Human-centred design toolkit

This open-source toolkit walks users through the human-centered design process and supports them in activities such as building listening skills, running workshops, and implementing ideas — all of which can generate insights into clients’ lives that can be turned into effective product design.

Banking on Youth - A Guide to Developing Innovative Youth Savings Programs

This Women's World Banking publication is a guide for deposit-taking providers in any stage of youth savings program development––from those simply exploring the possibility of introducing youth savings, to those already offering youth products but looking for new ideas and strategies to improve performance.

Portfolio Analytics Toolkit

This Women's World Banking toolkit can help management to make better decisions on lending methodologies, portfolio quality, and credit policies, as well as to understand the suitability of certain products and to analyze performance against the mission.

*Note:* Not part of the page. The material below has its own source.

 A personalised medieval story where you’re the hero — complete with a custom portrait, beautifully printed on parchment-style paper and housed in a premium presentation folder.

Fonkoze: Guide for Credit Agents — Evaluating Clients for Fonkoze’s Post-Disaster Recovery Program

This guide details how Fonkoze evaluated clients for inclusion in their post-earthquake loan program. It is a great example for how to design a post-crisis client evaluation tool and process.

Case Studies

Small changes, big impact: case study on KAWOSA, Tanzania
This case study describes the simple, practical steps that KAWOSA, a small savings and credit cooperative in Tanzania, put in place to improve its outreach to excluded people, provide more effective services, and minimise the risk of harm. Specific areas of focus were adjusting a product design to address the exclusion of target clients caused by membership fees, and adjustments to policies, training, and products, to do more to help members cope with unexpected problems.

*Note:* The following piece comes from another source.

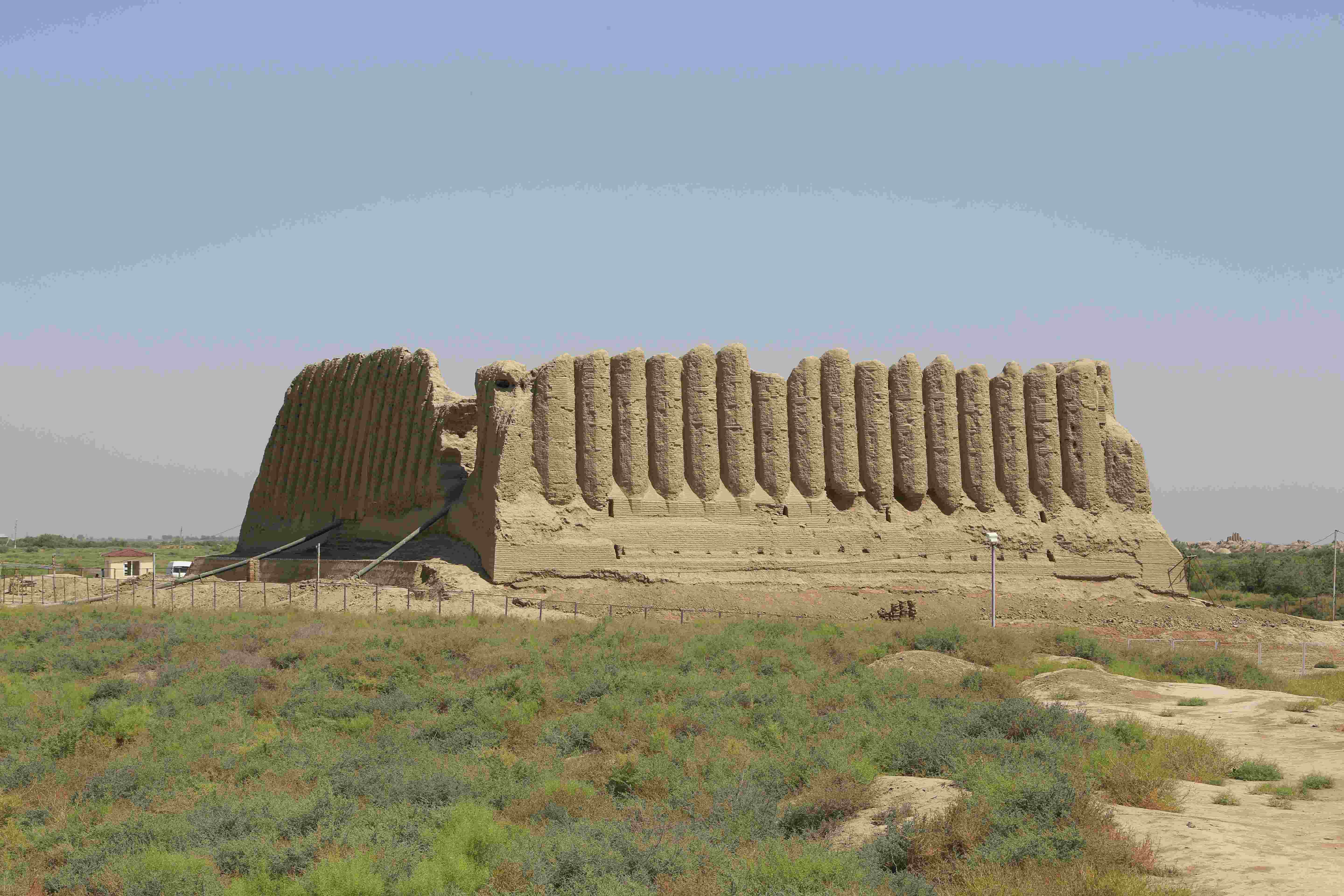 Erk-Kala fortress was the center of ancient Merv. The fortifications of Erk-Kala have sagged under earth drifts but nevertheless, have preserved their height and power. This distinguishes Erk-Kala from other fortresses. Now the height of the fortifications with steep slopes and precisely cut out towers reaches 25 - 29 m.

Turning client focus into commercial success: The role of quick wins and SPM mentoring in UGAFODE, Uganda

This case study documents UGAFODE’s journey into SPM, which was focused around two key questions: what are we trying to do for our clients, and how can we be more effective in doing it? These questions provided a useful lens through which to bring deeper research, experience and reflection to three key aspects of their social mission: increasing access, increasing benefits, and improving client service to protect clients from harm.

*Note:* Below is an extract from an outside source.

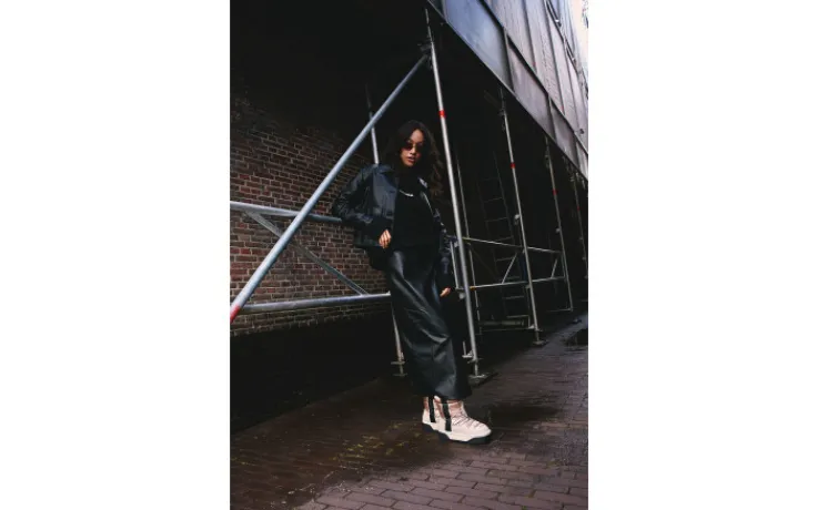 Wielopozycyjne sznurowadła w stylu trekkingowym. Spersonalizowany emblemat zarówno na pięcie, jak i z boku na pasku.

Small Enterprise Foundation (SEF): Truelift case study

This case study looks at how SEF South Africa puts its commitment to poverty reduction into practice, including deliberate outreach to poor communities using a Participatory Wealth Ranking exercise, services designed to meet the unique needs of its poor clients, and tracking changes in clients' poverty over time.

Smart Note: Appropriate Product Design at Musoni

This case study demonstrates how Musoni, Kenya use mobile technology to deliver convenient, flexible, and reliable loans to low-income people.

Improving poverty outreach: How MicroLoan Foundation Malawi achieved buy-in and operational change

This case study focuses on the process MicroLoan has undergone in Malawi to improve its outreach to poorer women and effect institutional change to achieve its social aims in practical terms and better meet the needs of the vulnerable clients it works with.

Arvand Tajikistan: Using mystery shopping to understand clients

The case of MDO Arvand (Tajikistan) highlights how a provider can use market research techniques to understand clients’ needs and preferences for products and services, and use that information to drive improvements. 

Microfinance for Decent Work - Enhancing the impact of Microfinance: Evidence from an action research programme (Internanal Labour Organization)

This paper presents the results of ILO action research to assess how financial service providers (FSPs) can use their relationship with entrepreneurs to improve the plight of workers in the informal economy. Data from 16 FSPs provides examples of successful interventions and lessons learned in the areas of eliminating child labour among client businesses, fostering the formalization of client enterprises, reducing client vulnerability and enhancing business performance through improved working conditions.